The Atlantic

The Racism Behind Alien Mummy Hoaxes

Pre-Columbian bodies are once again being used as evidence for extraterrestrial life.
Source: Samuel George Morton

Peruvian archaeologists are tired of debunking claims of extraterrestrial influence on human history. In 1968, Swiss author Erich von Däniken’s Chariots of the Gods? introduced the mainstream to the theory that the Nazca Lines, the massive geoglyphs in Southern Peru whose shapes are fully visible only from the air, were landing strips for “ancient astronauts.” Archaeologists calmly disagree, positing that they were astronomical designs that turned the desert itself into an observatory, or counter constellations matching the dark spaces in the Milky Way, or, more abstractly, cosmological figures meant to be seen by skyward deities, of which ancient Peru had many. 2008’s Indiana Jones and the Kingdom of the Crystal Skull put a new spin on this old tale, including, for good measure, the large-skulled aliens that pepper North American abduction stories.

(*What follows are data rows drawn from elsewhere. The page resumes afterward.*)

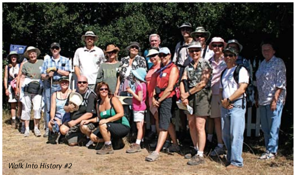
Walk Into History #2
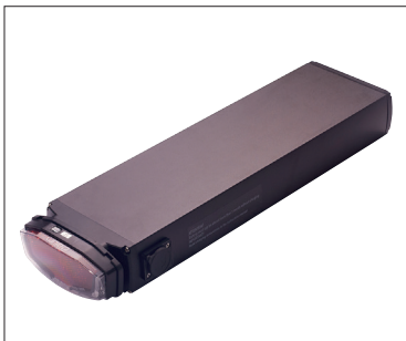
Carrier 6 battery*
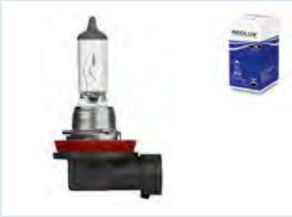
H8 | N708

Now, Peruvian scientists are furious at a new and possibly pernicious permutation of the “ancient astronaut” theory. A web series named Unearthing Nazca purports to depict the investigation of a pre-Columbian and “humanoid” mummy. Archaeologists, who have been denied access to the mummy, worry that it is as old as the series’ creators claim, but that it is actually indigenous and Andean—a real human individual that has been mutilated to look like an alien. They worry that Unearthing Nazca is an archaeological snuff film in disguise.

The series’ success is has been viewed 2.35 million times on YouTube alone. It starts with what at first seems to be a typical seated Peruvian mummy, arms wrapped around its knees, like a child waiting for its parent. Its head is elongated like those of other pre-Columbian mummies, whose societies artificially shaped their children’s crania to achieve ideals of beauty or represent group belonging.